Author (in the Kea ARM or as a Wiki piece or KB article), better guidance on HA and HA + backup configurations
This is follow-on from customer questions and requests for advice on setting up and managing resilient Kea HA environments.
See discussions and material in Support ticket #15378 and Support ticket #15334.
Although the concepts of how to configure HA as load-balancing or primary/standby as well as 'and you can add a backup server too) are covered in the Kea Administrator Reference Manual, there's no overall discussion about different strategies for deploying resilient server configurations, how to test, monitor, what to consider, and what to actually do, in case of a failure scenario.
It would be excellent to have a document (or paper, or series of KB articles) that cover things like:
- Different resilient configurations
- Pros and Cons of each
- Implications for routers/relays
- Disaster scenarios and recovery from them - including what to do with relays, routers, server addressing, route advertisements (for wheeling in a replacement server at another location)

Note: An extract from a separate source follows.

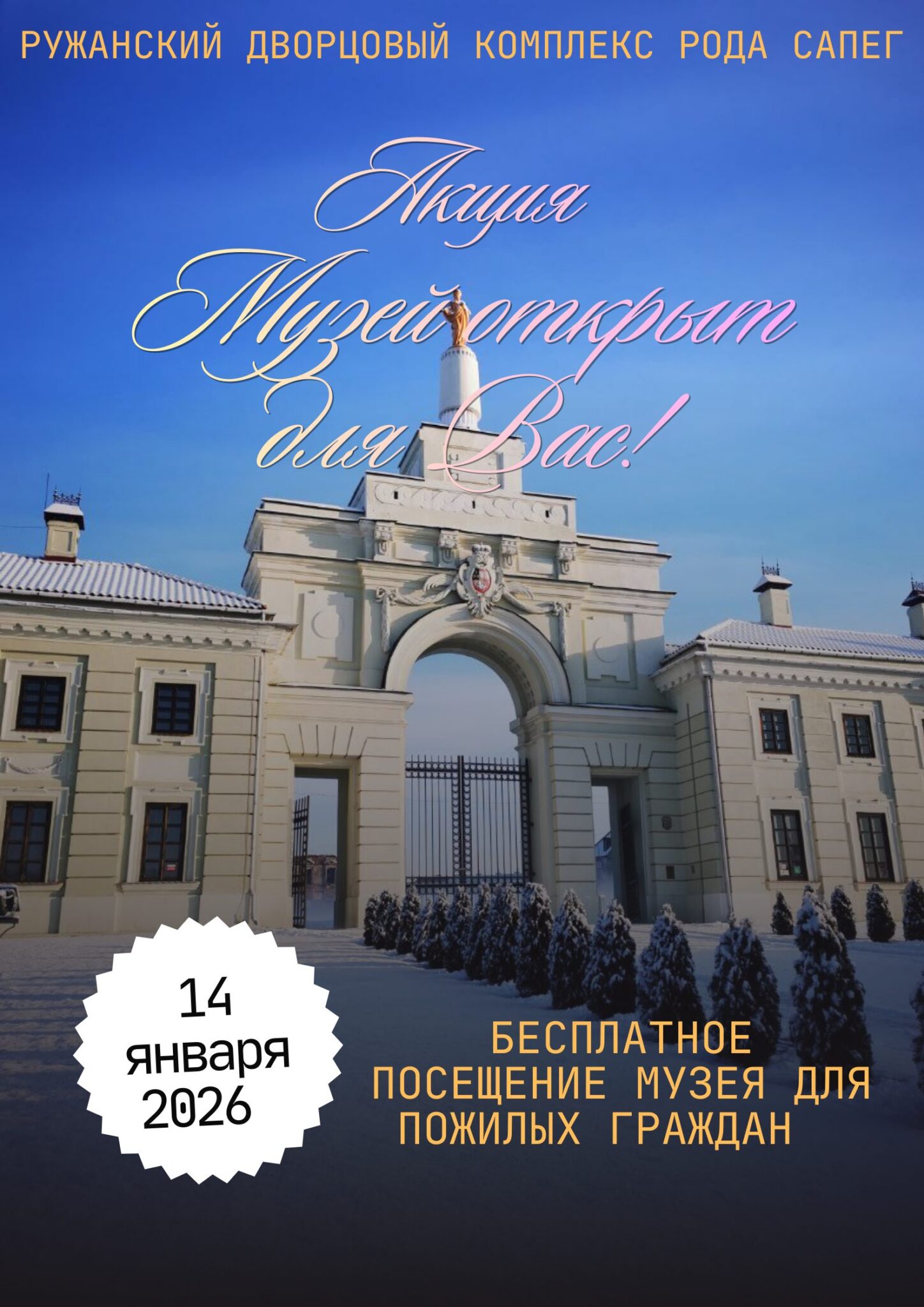 14 января 2026 года в государственном учреждении культуры «Ружанский дворцовый комплекс рода Сапег» будет проходить акция «Музей открыт для вас!», в рамках которой лица пожилого возраста смогут посетить музейные экспозиции бесплатно (при наличии подтверждающего документа).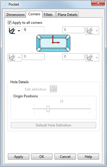 — Создать отверстие в углу. При выборе этой опции раздел диалога Параметры отверстия становится активным, что дает возможность задать размер, тип и положение отверстия. Угловое отверстие можно создать только в кармане.Параметры отверстия - если создаётся несколько угловых отверстий, можно задать их размер и положение, используя данный раздел страницы Углы.

- How to promote a backup server to primary/sole server if the HA pair 'vanish'
- How to change HA server states manually (in a controlled manner, with guaranteed state change) for maintenance/upgrades
- How to test your HA environment
- Where/how anycast might fit in
- Where/how load-balancers fit in - and specific considerations for those
- Server environment replication - entire VMs
- Lease file replication
- Multiple Kea servers sharing the same leases back-end
- Multiple Kea servers sharing the same reservations back-end
- All the 'what if?'s
And so on...